You may have mixed feelings about this. I certainly do. My pre-internet adolescence was full of board games and they all came with their own stresses. There were the long, drawn-out extended family game nights, which usually took place at the exact moment on Boxing Day when your blood sugar basically transforms into treacle. These were never much fun because the first couple of hours tended to involve watching my aunties struggling to comprehend the surprisingly complicated rules of the Who Wants to Be a Millionaire? board game.
And then there were the games I’d play with my brother. Usually Ludo, sometimes Monopoly, all of it spent terrified that I would accidentally win, because that would cause him to throw a tantrum of world-splitting magnitude that would last the rest of the afternoon. Now that I’m older, though, I have begun to realise what I really didn’t like about board games. I didn’t like the way they acted as a magnifying glass for the most fundamental part of everyone’s personality. To play a board game was to be reminded up close that my aunts were slow and detail-orientated, that my brother was fuelled by the rage of a million perceived injustices and that I was pathetically conflict-averse.
“A board game really reveals the bare bones of people’s personality,” Will Sorrell, founder of Clarendon Games, says. “If someone’s competitive, it really, really comes across.
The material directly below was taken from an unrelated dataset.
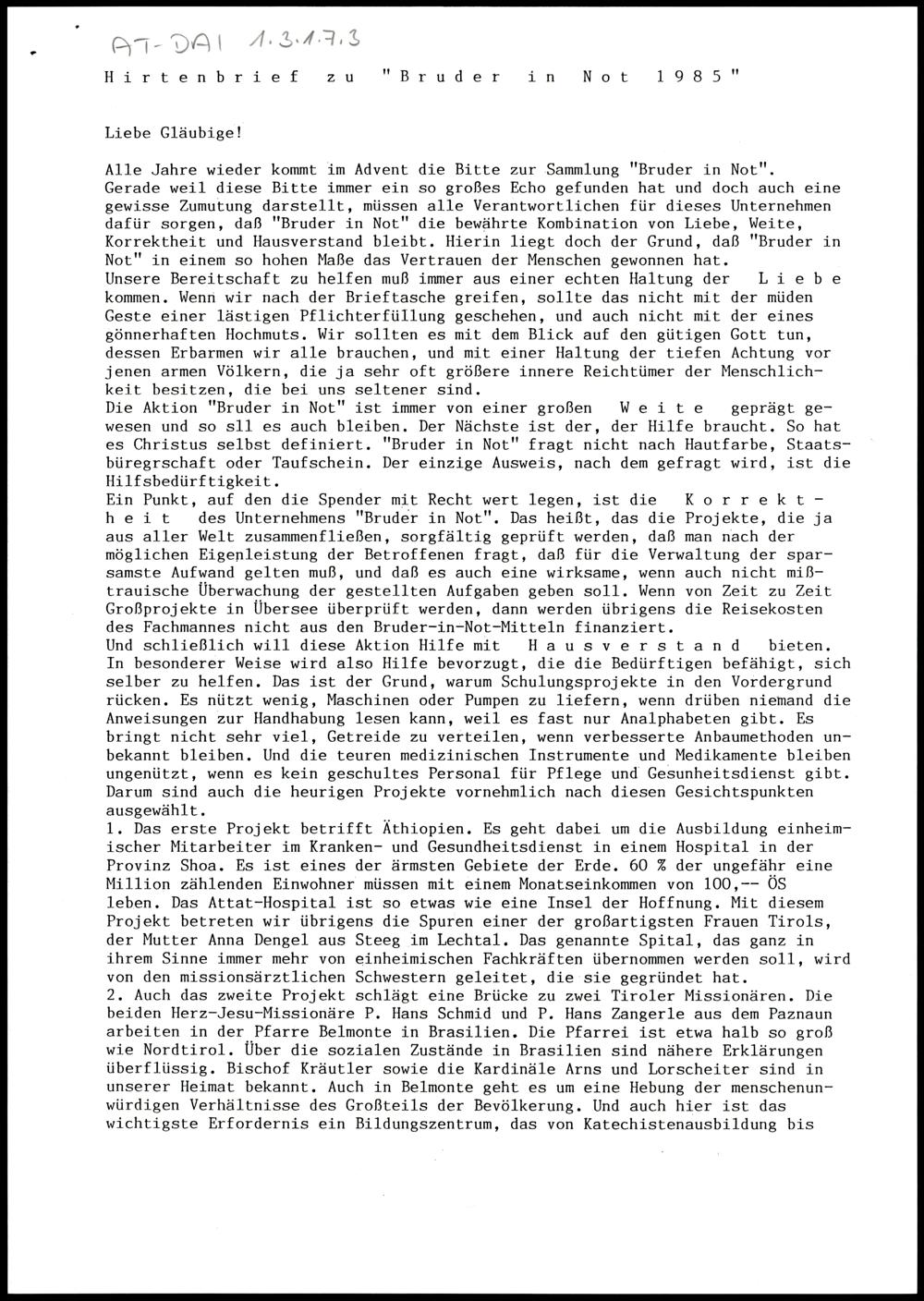 Hirtenbrief zu "Bruder in Not 1985"

Or if they’re a bit sneaky, or a bad loser.” But he’s also quick to point out that this isn’t necessarily a bad thing. Sorrell’s bestselling game is Priorities, a riff on Mr & Mrs in which players have to rank a number of items by personal importance while the other players attempt to predict what they choose. It’s not only a lot of fun, but it also teaches you a lot about your fellow players.
And it requires everyone to play nice. As Sorrell observes, you don’t get this from other types of games. “You can play a computer game online and have a tantrum, and it won’t have consequences,” he says. “But try it during a game of Monopoly and people will remember that.”
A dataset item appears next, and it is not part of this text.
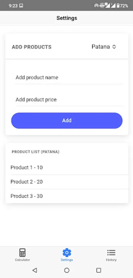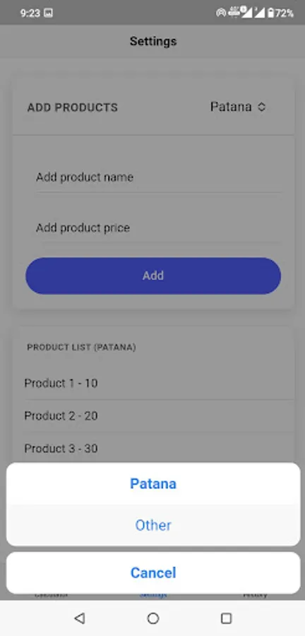 In the Settings screen, you can effortlessly add products along with their corresponding prices. Simply enter the product name and its price, and Gayatri Provision will store the information for future use. This allows you to create a personalized product inventory tailored to your specific requirements.

Figures like Sorrell are leading the charge of the board game revival, purely because they’re such evangelists for the medium. “I love the fact that games bring people together,” he says. “As we get more and more addicted to technology, games enable people to pull away from their screens and interact socially.”
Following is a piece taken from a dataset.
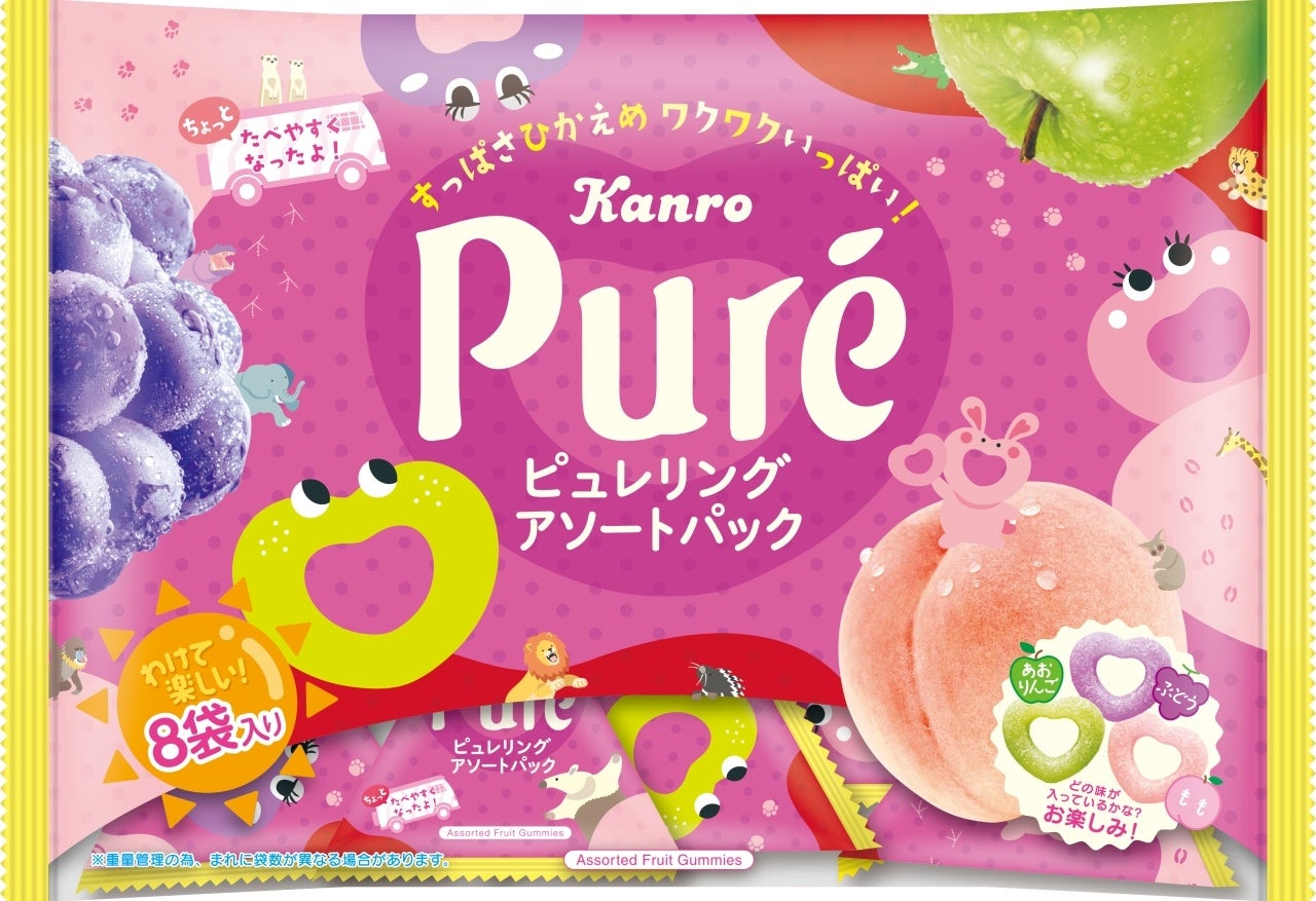 『ピュレグミ』は、2002年の発売以来、幅広い世代の方からご支持いただいているカンロの人気商品です。フルーツのおいしさを引き出す“すっぱいパウダー”と独自の“果肉食感”により、噛むほどにフルーティーな甘ずっぱいおいしさが広がり、食べた瞬間こころが晴れるように、ちょっとハート(気持ち)があがるハート型のグミです。

“There is also the tangible aspect of playing games, which serves as an antidote to the overwhelm of the digital world,” says Nicolas Pickaerts, chief executive of the online design store Abask, which sells exquisite-looking games that can cost thousands of pounds. “You get to enjoy the physicality of holding a beautifully crafted piece in your hand that has been thoughtfully designed — the coolness of a bronze knight or tactility of a smooth wooden pawn.”
It also turns out that my previous board-game misfortune might have been down to bad decision-making on my part. If you have an irrationally angry younger sibling, for example, Ludo is a terrible choice. Your moves are all dictated by a throw of the dice. You’re a slave to chance. A game like that is impossible to rig.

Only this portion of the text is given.